[Stored entries]
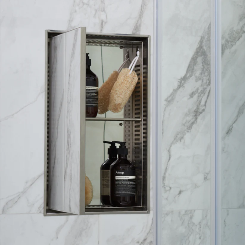 - A-shaped hooks for hanging accessories (loofah, razor, etc)
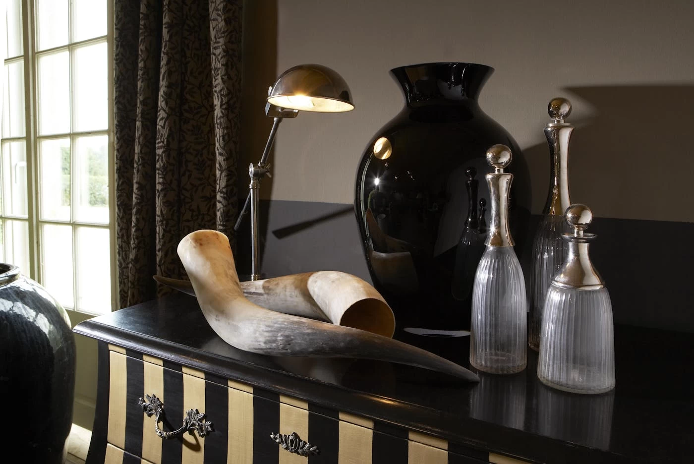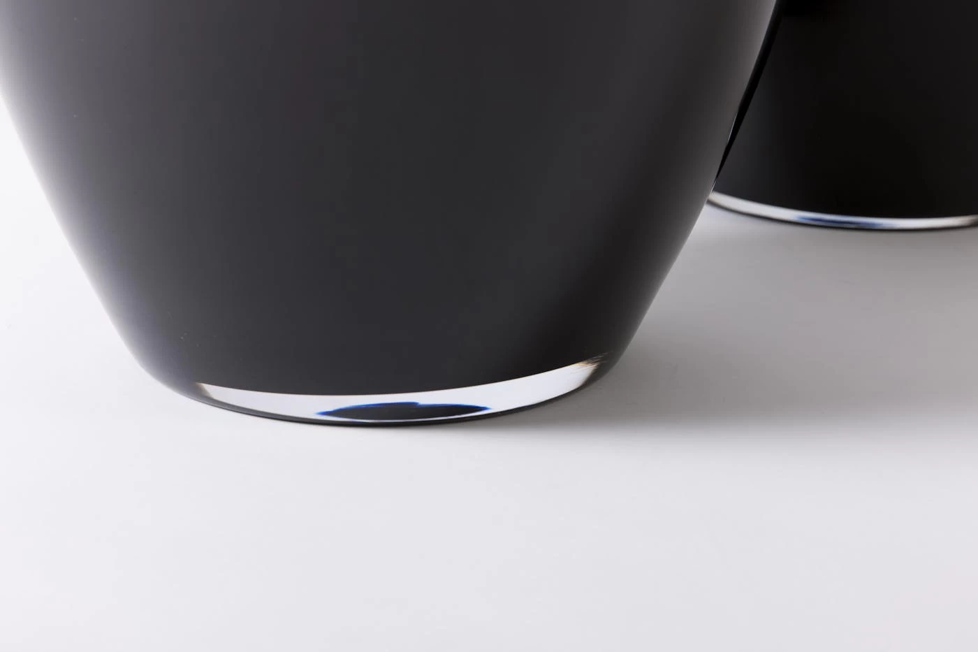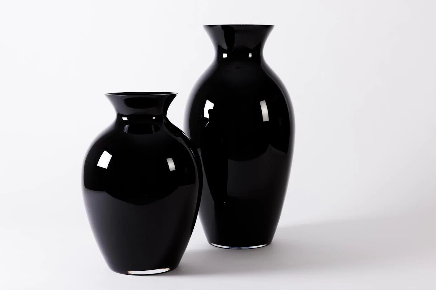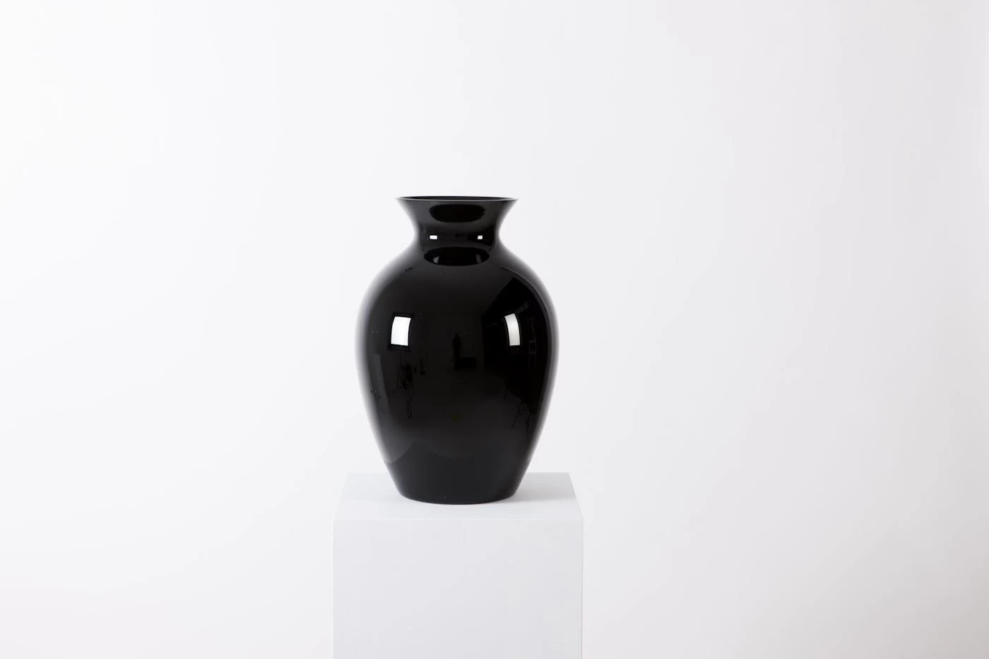 This distinguished black vase with grand dimensions boasts a stunning shine, elegant curved shape, and wide rim. Mouth-blown for a superior artisan quality, this prime product creates a grand atmosphere wherever it is placed.
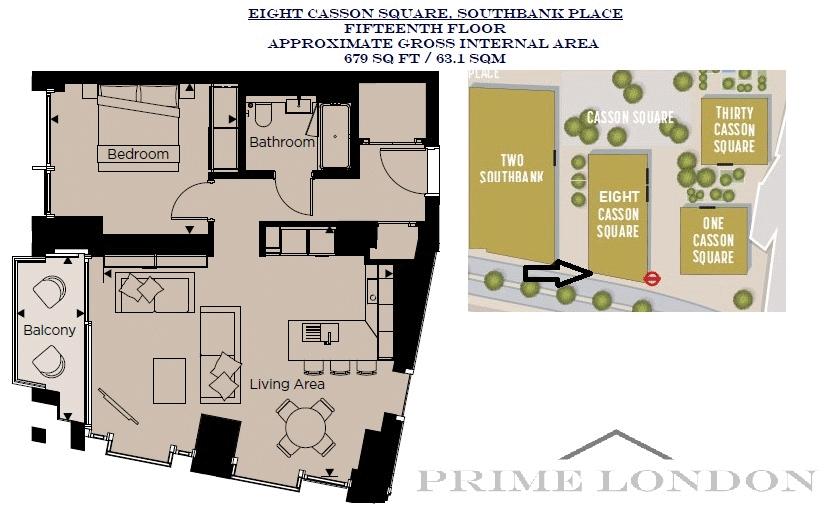 A fifteenth floor east facing apartment within Eight Casson Square, with a bright dual-aspect, available for sale through Prime London for completion in Q4 2019. Residents at Southbank Place will benefit from the highest quality of living, with access to the residents' only amenities floor, which will include his and hers steam and sauna rooms, a gymnasium, a 25-metre swimming pool, treatment rooms, wet room and gym classes. Residents will also be able to make use of an outdoor terrace and residents' lounge, ideal for social gatherings and business meetings alike.Additionally, the development will include 48,000 sq. ft. of shops, restaurants and bars, and a direct entrance to London Waterloo Station.The award winning apartments themselves have been designed to the highest specification and have a timeless quality.
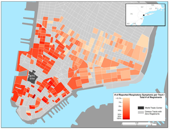 Upper respiratory symptoms were the most common health outcomes reported by lower Manhattan residents in the WTCHR. This finding is consistent with other WTC studies among residents [10] and rescue and recovery workers [17,18,19]. According to Lin et al., residents living within 1.5 km of the WTC site experienced a 200 percent increase of at least one persistent upper respiratory symptom compared to controls in the Upper West Side of Manhattan [10]. Our study also demonstrates high rates of persistent shortness of breath, wheezing, and chronic cough among lower Manhattan residents. These findings are in line with those of Lin et al., who reported that increased rates of lower respiratory symptoms persisted among lower Manhattan residents two and four years after the 9/11 attacks [9]. Moreover, most residents reporting any persistent respiratory symptoms in our study were located within a 0.5-mile radius of Ground Zero. Lin et al. also described an apparent trend when comparing residents below and not below Canal St.: the former had stronger associations between location and both any new-onset and persistent new-onset respiratory symptoms [9]. Reibman et al. also reported that four times as many lower Manhattan residents presented wheezing compared to a control population. In addition, three times as many residents reported cough and shortness of breath [11].
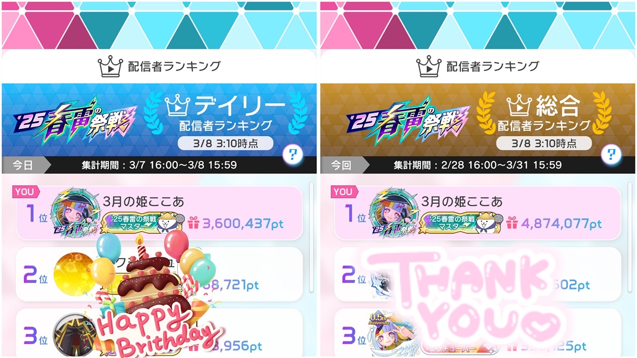 たくさんのお祝いのメッセージ、配信でのカウントダウン&デイリー歴代1位本当にありがとうございます!366万、、、姫本当に愛されてる🥹🥹
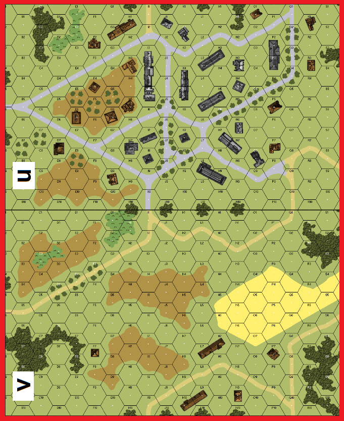| Misc Rules: | A: American AFVs may only move along paved and unpaved road hexes |
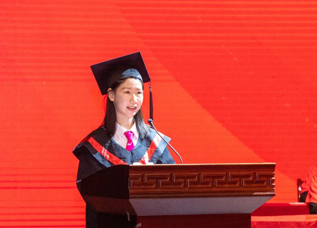 在临别之际,学生代表、教育科学学院17级应用心理学2班的吴敏茹同学向母校表达了深深的感激之情,她说,面对未来,她会保持清醒的头脑,保持乐观的态度,将在砚园习得的追梦与奋进的力量与生命融汇在一起,主动拥抱这个属于追梦人和奋斗者的时代,用不懈的努力创造更大的人生价值。
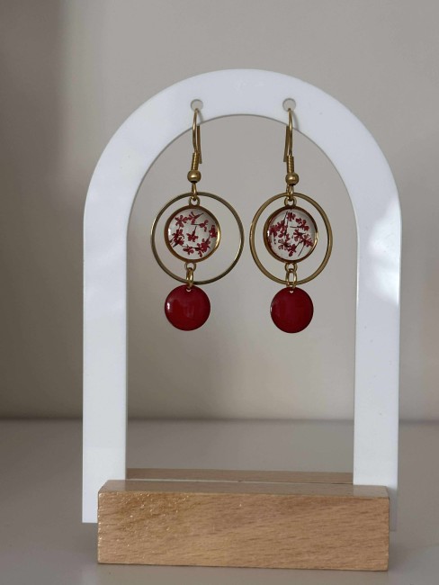 Boucles d'oreilles résine inclusion fleurs séchées carottes sauvages rouge

■ Problem to work on
Say again, word for word, the lines beginning at the top of the data and ending with the line that has "This distinguished black". Skip the pictures.

■ Response
 - A-shaped hooks for hanging accessories (loofah, razor, etc)
 This distinguished black vase with grand dimensions boasts a stunning shine, elegant curved shape, and wide rim. Mouth-blown for a superior artisan quality, this prime product creates a grand atmosphere wherever it is placed.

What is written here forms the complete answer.